Aucklanders viewing properties elsewhere
27th Jun
It is a mixed bag for New Zealand’s economy as 2014 draws to a close.
Housing, in Auckland anyway, is booming with reports of house prices rising at “eye-watering rates” according to valuers QV.
The Herald on Sunday reported this week that one in five suburbs had a median house price of $1million or over, 13 in total up from three in 2009.
Major banks have reported home owners remortgaging their houses and using the money for a range of things including home improvements, new cars, boats and a holiday home.
Property website RealEstate.co.nz recently reported a surge in interest from buyers for properties in traditional holiday-home towns such as Whangamata, indicating perhaps the Auckland boom was spreading.

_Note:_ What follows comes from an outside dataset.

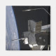 Die Raumfähre "Discovery" ist im Hintergrund des Horizonts der Erde zu sehen, der mit STS-128 bespielt wurde.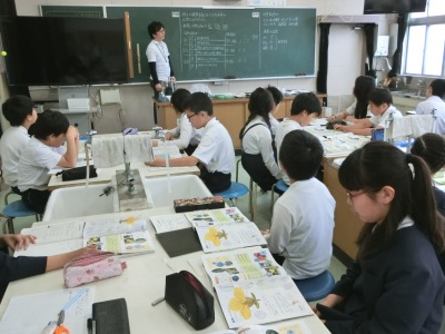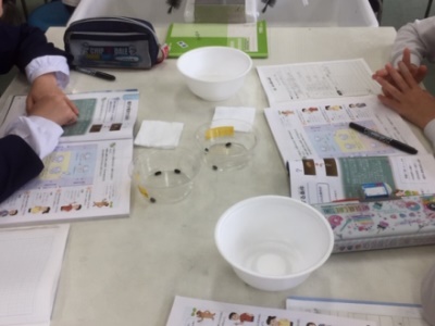 4月24日(水)2限、5年生は理科室で「植物の発芽と成長」の授業をしていました。種子が発芽するには、「水・空気・適当な温度」のどんな条件が必要なのかを実験をしました。

Added to that a continued drop in petrol prices it might seem as if the year had ended on a high.
The party has been slightly ruined by weaker commodity prices, particularly timber and the all important dairy. Add in the Canterbury rebuild coming to an end and the picture so not so rosy.
A report released recently backed up it could be a challenging year for the economy.
The NZIER Consensus and Forecast is an average of economic forecasts from a quarterly survey of financial and economic agencies including the major banks, Treasury and the Reserve Bank.
The report said the economy next year was facing a number of pressures and predicted economic growth would slow to around 3 per cent. It also said household spending would drop into the year, but it predicted a rise in commodity prices.
The report forecast a rebound in exports that would offset the weakened domestic economy.
The predicted hike in interest rates didn’t happen in 2014, and the forecast said they would remain lower for longer, which was likely to continue to fuel Auckland’s rapidly overheating property market.
For most people though the economy will take second place after Christmas as they head away for summer – if it ever arrives – and enjoy some time off. The economic issues will always be there when they get back.